Shepherd J H, Granowska M, Britton K E, Mather S, Epenetos A A, Ward B G, Slevin M
Br J Obstet Gynaecol. 1987 Feb;94(2):160-7. doi: 10.1111/j.1471-0528.1987.tb02344.x.
A tumour-associated radiolabelled monoclonal antibody (HMFG 2) was used to investigate 51 patients who were referred with a pelvic mass and suspected ovarian cancer or recurrent disease. The day before operation the 123I-labelled antibody was injected and the patients then underwent radioimmunoscintigraphy immediately and again 4 and 22 h after the injection. An exploratory laparotomy with appropriate surgery was then performed and the tumours were staged. Tumours were positively imaged 3 min-22 h after injection in all the patients with ovarian cancer, with a mean 0.6% of the injected antibody taken up by the tumour. The presence of HMFG antigen on the tumour was confirmed by immunoperoxidase staining of the surgically-removed tissues. Of the 51 patients, 39 proved to have ovarian cancer. The accuracy of diagnosis and detection of primary and metastatic malignant disease was 95% when correlating pre-operative radioimmune scan findings and laparotomy findings. The procedure is minimally invasive, apparently without side-effects and offers information for tumour detection as an adjunct or alternative to existing methods.
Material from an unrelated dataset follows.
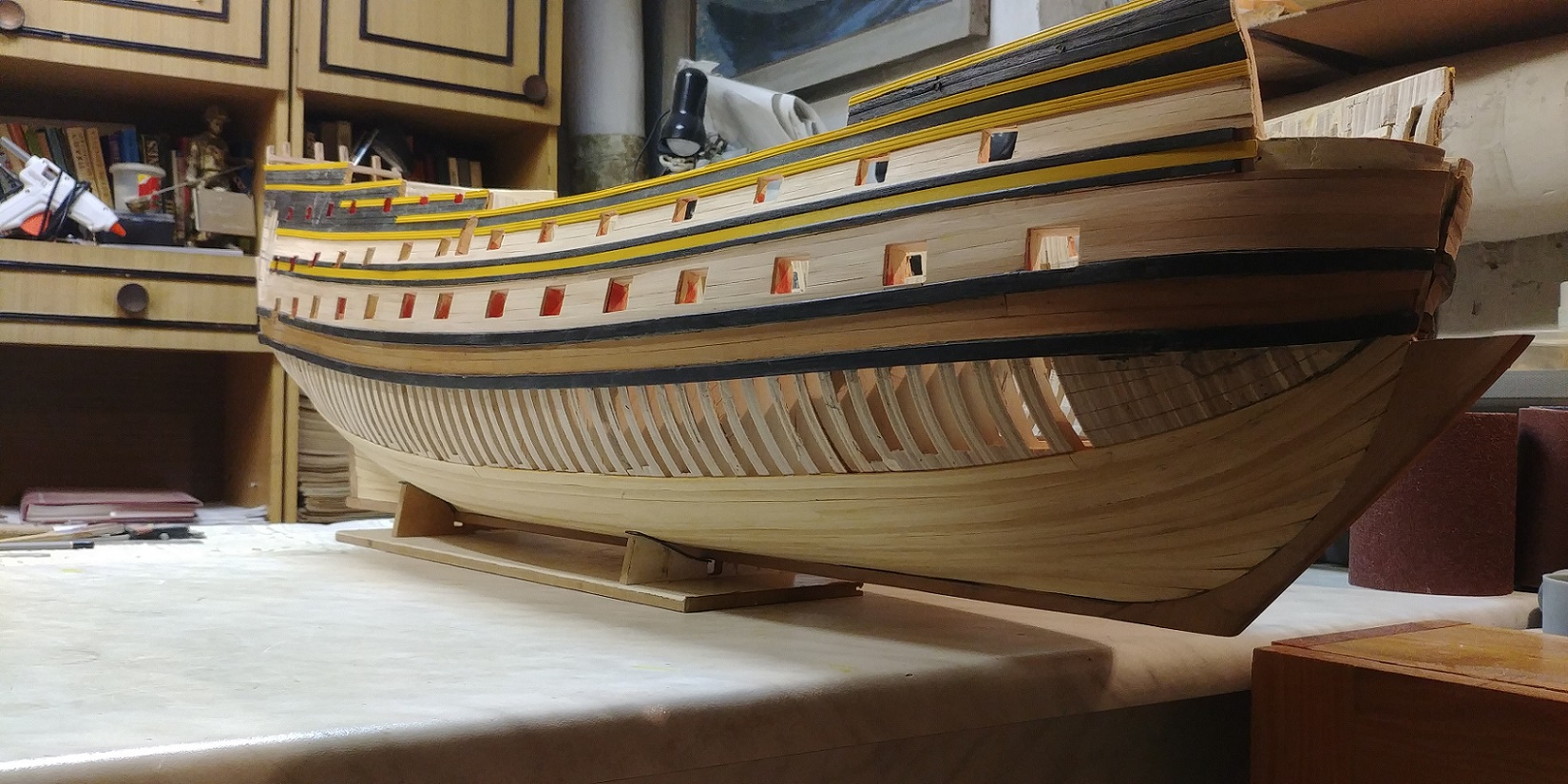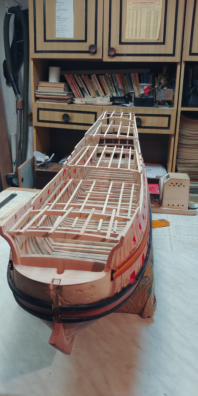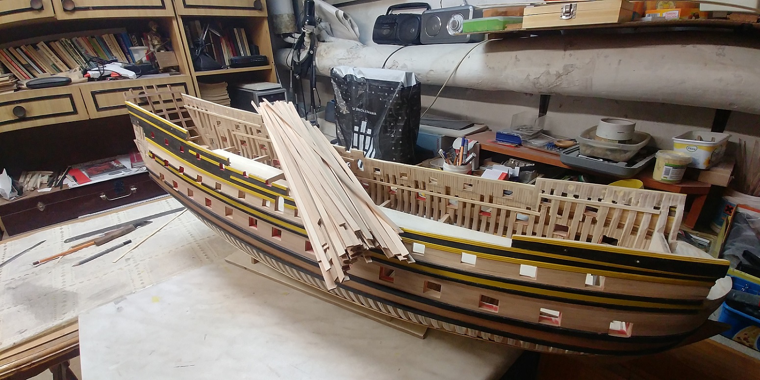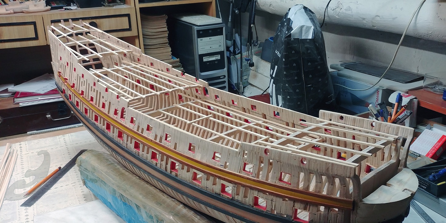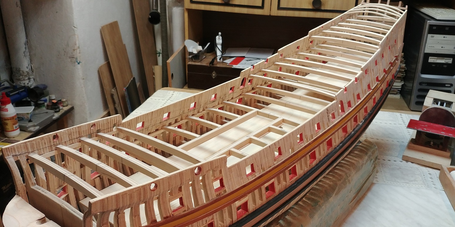 Aby zejściówki nie trafiały w pustkę zabudowałem wewnętrzny pokład którego praktycznie widać nie będzie,bo furty będą zamknięte.Ale tak dla zasady.Ta ilość pokładników myślę wystarczy,aby utrzymać równo pokłady.Narazie przymiarka.Czekam na listwy aby zabrać się za poszycie kadłuba.

一种肿瘤相关放射性标记单克隆抗体(HMFG 2)被用于研究51例因盆腔肿块就诊且怀疑患有卵巢癌或复发性疾病的患者。手术前一天注射123I标记的抗体,然后患者立即接受放射免疫闪烁扫描,并在注射后4小时和22小时再次进行扫描。随后进行了 exploratory laparotomy(此处可能有误,应为“剖腹探查术”)及适当的手术,并对肿瘤进行分期。在所有卵巢癌患者中,注射后3分钟至22小时肿瘤均呈阳性显像,肿瘤摄取的注射抗体平均为0.6%。通过对手术切除组织进行免疫过氧化物酶染色,证实肿瘤上存在HMFG抗原。51例患者中,39例被证实患有卵巢癌。将术前放射免疫扫描结果与剖腹探查结果相关联时,原发性和转移性恶性疾病的诊断及检测准确率为95%。该程序微创,显然无副作用,并为肿瘤检测提供信息,可作为现有方法的辅助手段或替代方法。